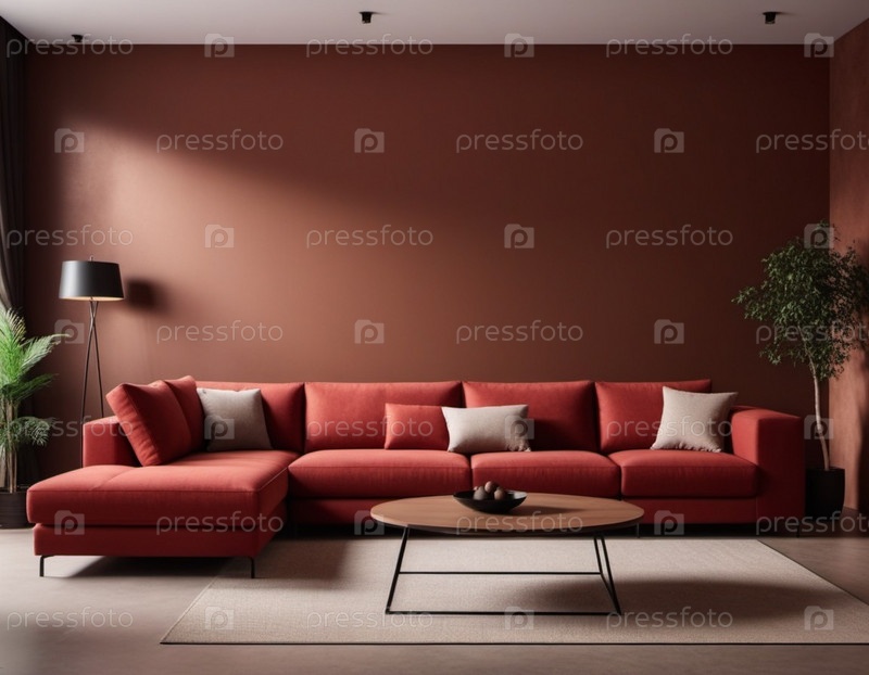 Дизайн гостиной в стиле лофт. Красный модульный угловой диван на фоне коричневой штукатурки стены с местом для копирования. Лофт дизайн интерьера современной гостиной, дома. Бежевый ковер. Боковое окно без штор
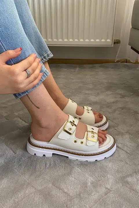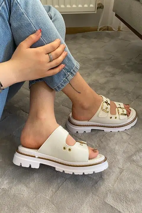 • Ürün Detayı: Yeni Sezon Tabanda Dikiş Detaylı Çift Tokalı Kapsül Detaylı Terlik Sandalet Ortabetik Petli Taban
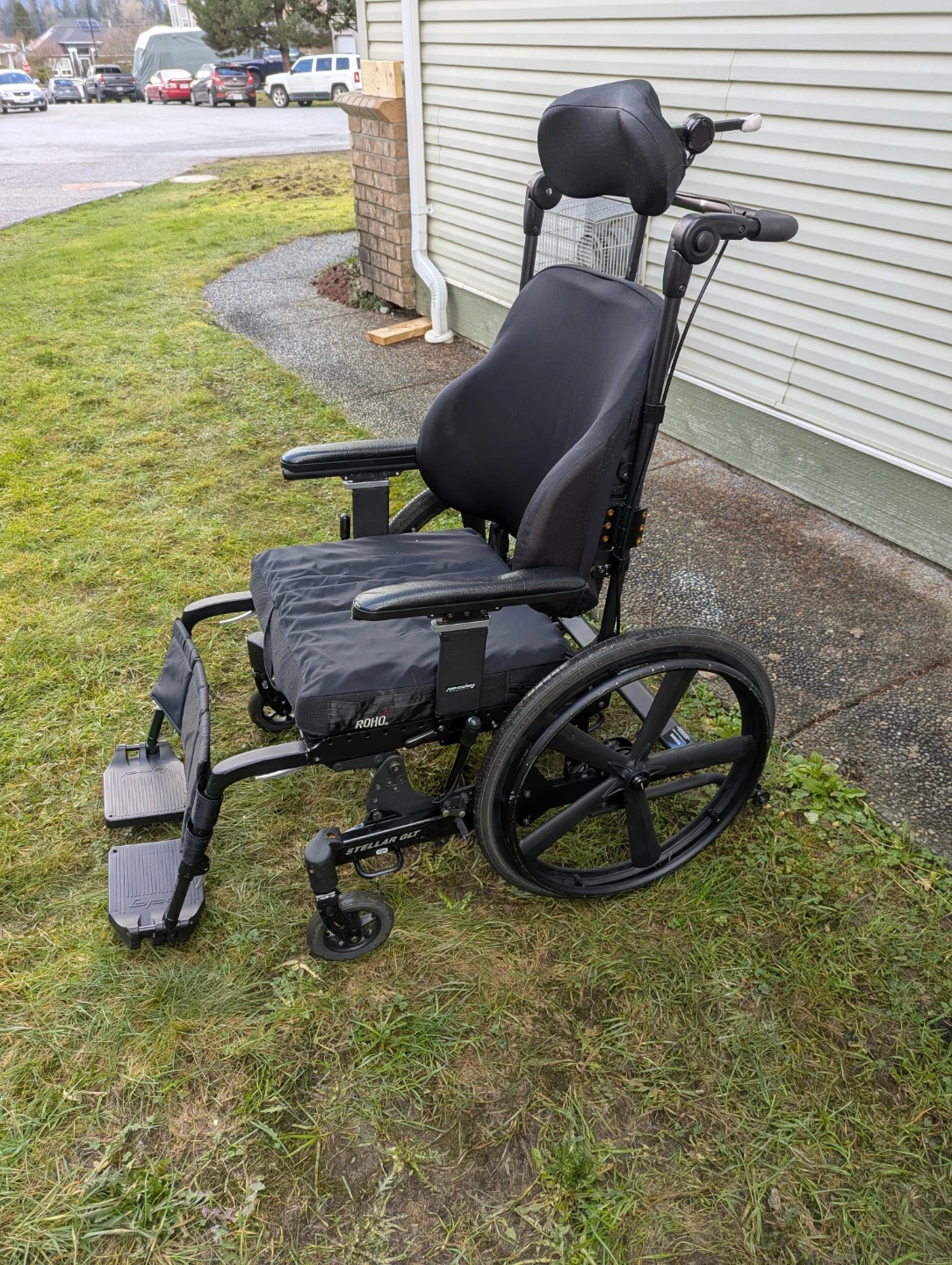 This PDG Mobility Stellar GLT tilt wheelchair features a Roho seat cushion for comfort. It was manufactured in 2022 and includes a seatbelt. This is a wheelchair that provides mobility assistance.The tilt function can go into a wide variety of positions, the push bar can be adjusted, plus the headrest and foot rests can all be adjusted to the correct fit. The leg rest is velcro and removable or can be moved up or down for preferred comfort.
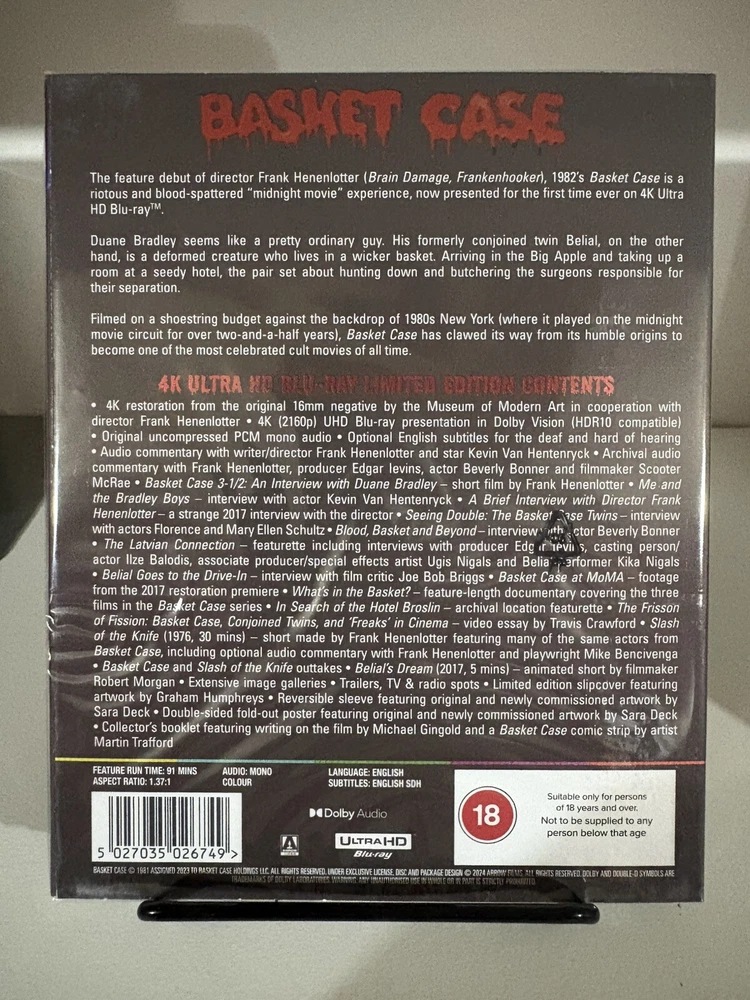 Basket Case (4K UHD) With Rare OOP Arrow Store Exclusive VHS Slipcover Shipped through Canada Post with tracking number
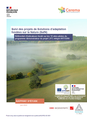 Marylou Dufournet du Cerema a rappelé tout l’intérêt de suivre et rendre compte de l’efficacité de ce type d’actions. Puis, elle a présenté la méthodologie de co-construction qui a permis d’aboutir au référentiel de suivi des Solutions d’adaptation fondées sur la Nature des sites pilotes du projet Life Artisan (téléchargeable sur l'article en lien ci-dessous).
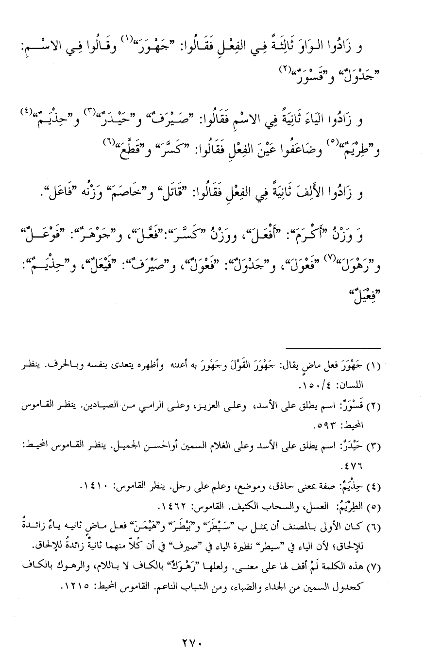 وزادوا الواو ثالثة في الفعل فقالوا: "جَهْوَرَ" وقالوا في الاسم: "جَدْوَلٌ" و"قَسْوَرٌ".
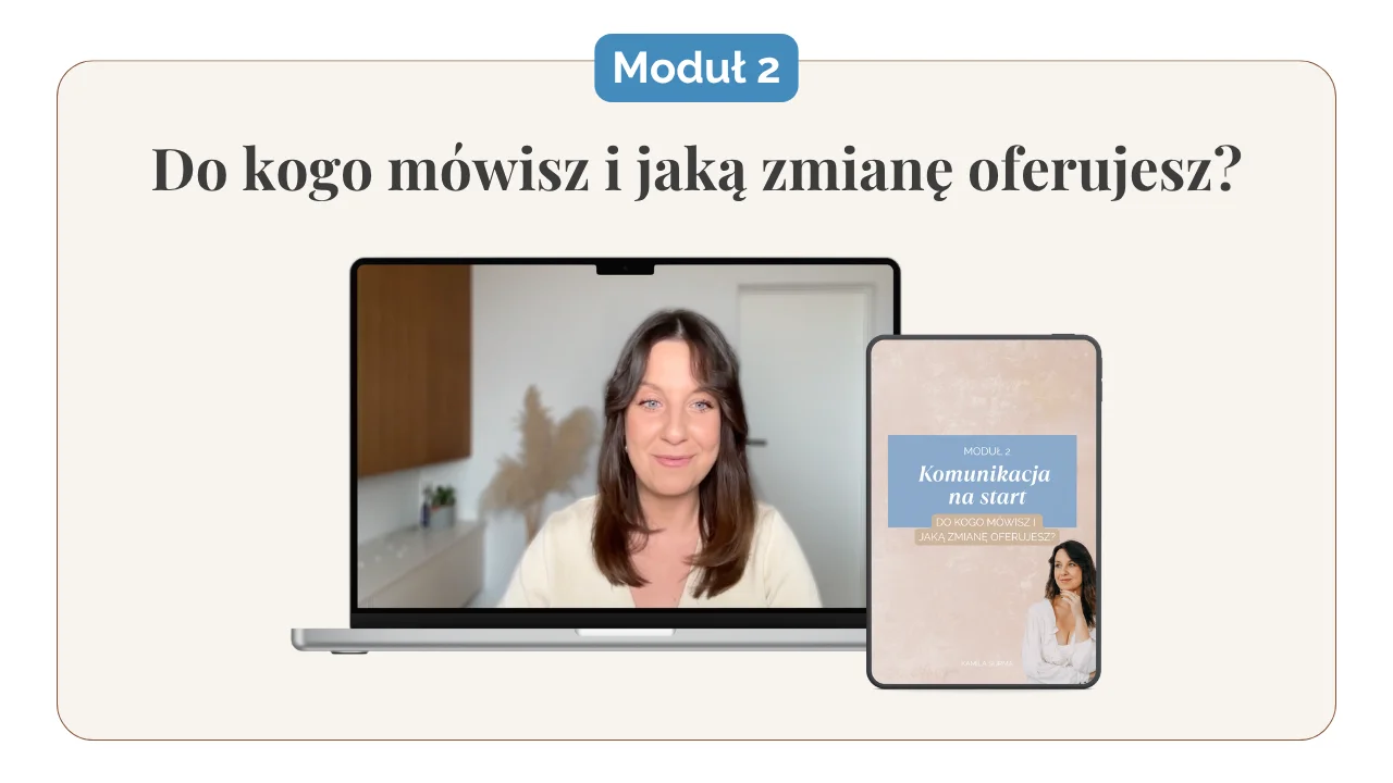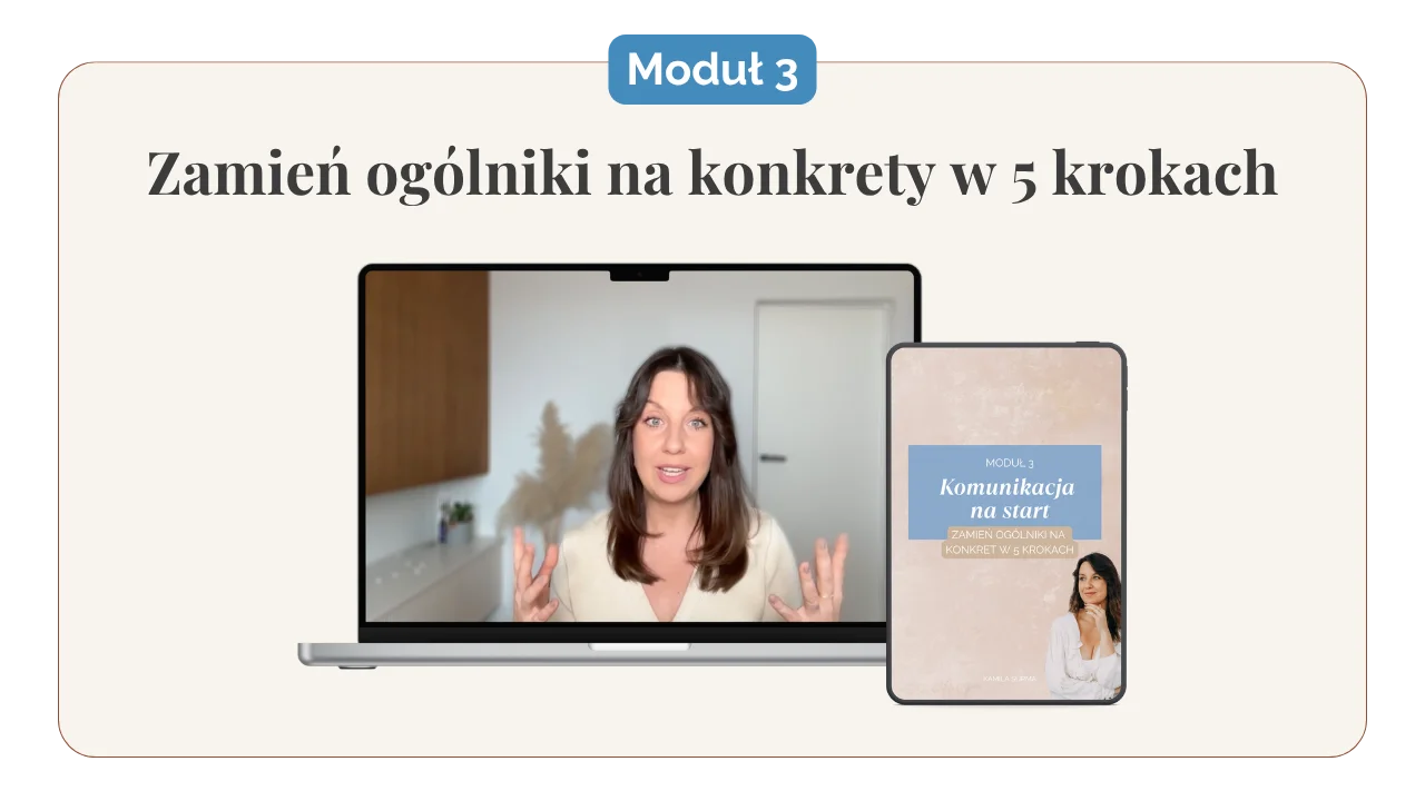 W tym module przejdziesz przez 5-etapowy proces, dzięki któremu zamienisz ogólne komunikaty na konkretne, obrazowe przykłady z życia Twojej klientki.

## What is expected
An exact copy is needed of the lines running from the one containing "Marylou Dufournet du" through the last line of the material, and of no others; pictures stay out.

## Written solution
 Marylou Dufournet du Cerema a rappelé tout l’intérêt de suivre et rendre compte de l’efficacité de ce type d’actions. Puis, elle a présenté la méthodologie de co-construction qui a permis d’aboutir au référentiel de suivi des Solutions d’adaptation fondées sur la Nature des sites pilotes du projet Life Artisan (téléchargeable sur l'article en lien ci-dessous).
 وزادوا الواو ثالثة في الفعل فقالوا: "جَهْوَرَ" وقالوا في الاسم: "جَدْوَلٌ" و"قَسْوَرٌ".
 W tym module przejdziesz przez 5-etapowy proces, dzięki któremu zamienisz ogólne komunikaty na konkretne, obrazowe przykłady z życia Twojej klientki.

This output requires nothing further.